The first week of visits by the county health officer to rural schools has brought pleasant surprises to the official. Dr. Collins reports elsewhere in The News Sunday that he has been everywhere greeted with cordial favor, that parents of children have met him and the health nurse at the school houses and indicated unusual interest in the undertaking and that the whole county seems peculiarly wide awake to the importance of this endeavour.
Such shows the remarkable translation in public thought that has taken place only within a few years. Just a little while ago such a work as Dr. Collins and dr. McPhaul are doing would have been frowned upon, if not actually resisted. People didn’t think the State had any right to usurp the homes of the people and invade the territory of the family physician. Such relations were, more or less, revered and sacred and held to be inviolate, especially in rural regions where such relationships were more keenly developed than in the cities.
Now, however, the people are giving great welcome to the public effort being made to better health conditions; they want their children to share in the benefaction; they are insisting that what is being done at some one place be done also for them.
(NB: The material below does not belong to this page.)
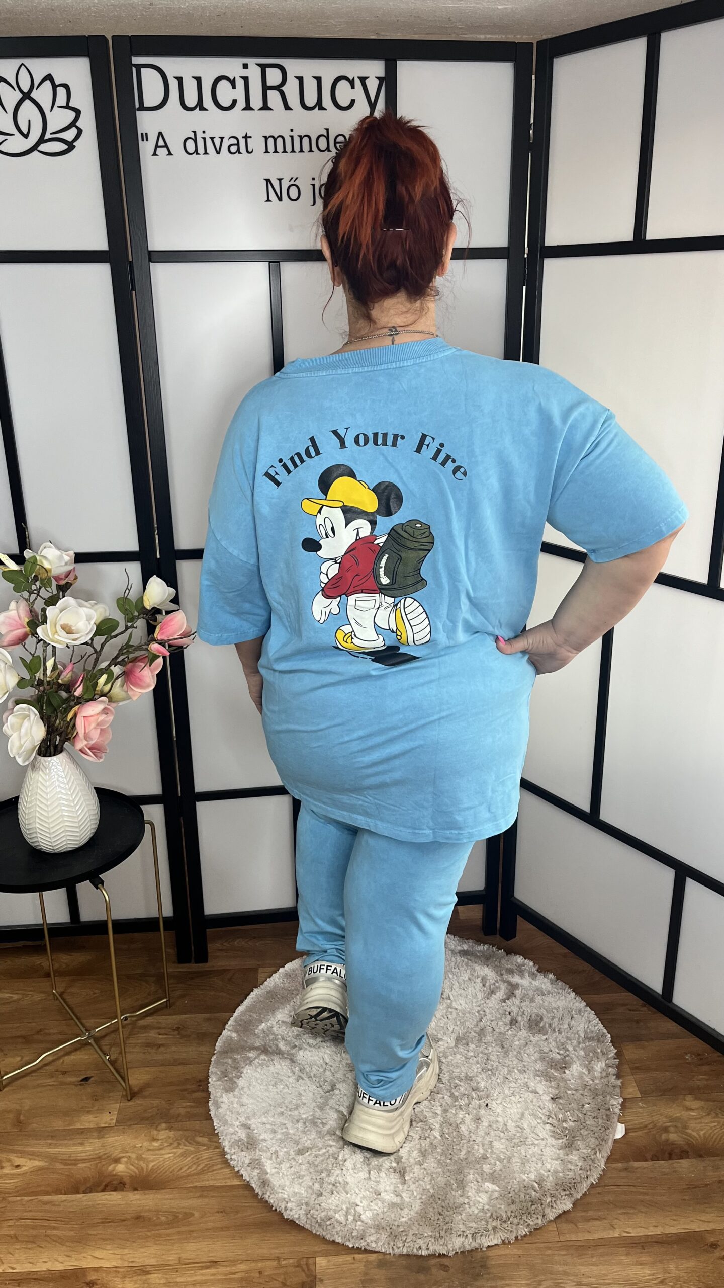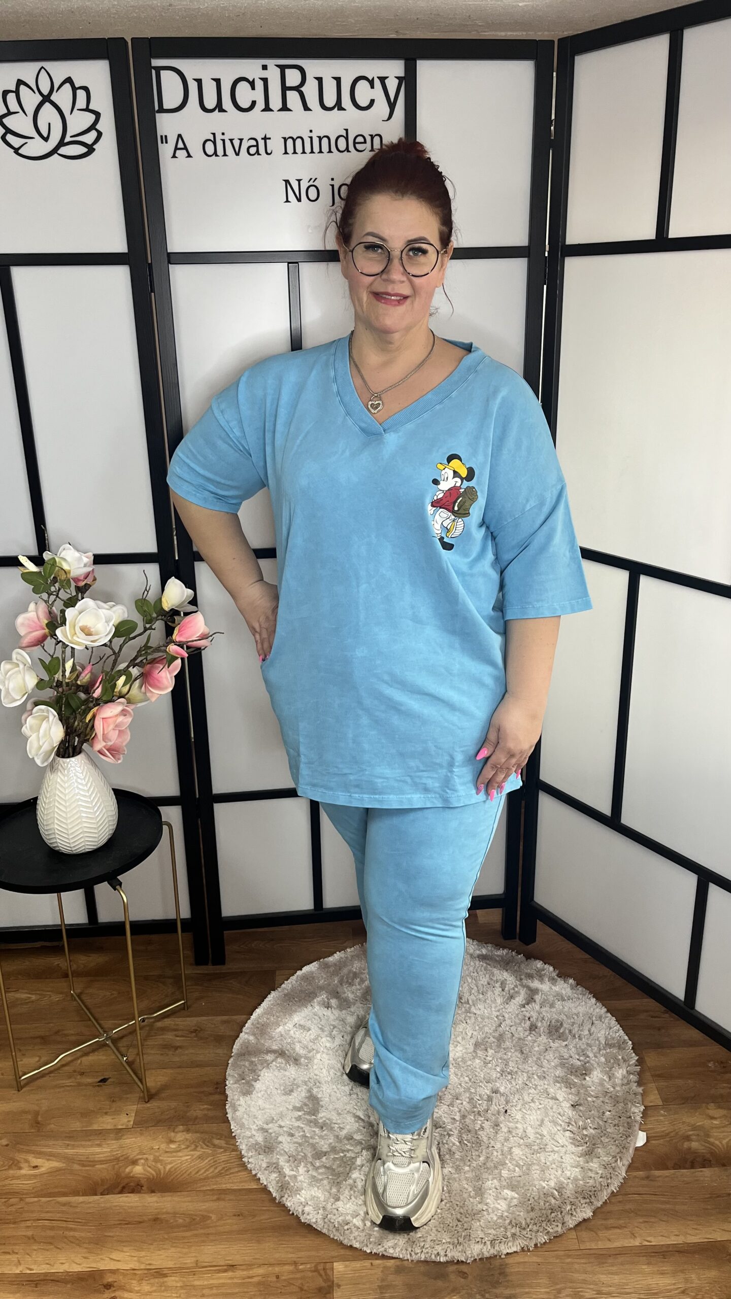Szuper pamut anyagból készült két részes együttes. Az együttes áll egy V nyakú, egyenes fazonú MICKEY EGÉR mintával díszített pólóból/tunikából, valamint egy gumis derekú, nagyon rugalmas zsebes nadrágból. A szett anyaga rugalmas pamut anyag.

This, after all, is the hopeful aspect of the development. The State would never come to maximum efficiency in its prevention movements should the people not respond readily to its attempts Their co-operation is basic to success and their interest in such undertakings will make the movement a great victory for public health, for sturdier manhood and womanhood and for the prolongation of the life of those now falling within the scope of these beneficial activities of the government.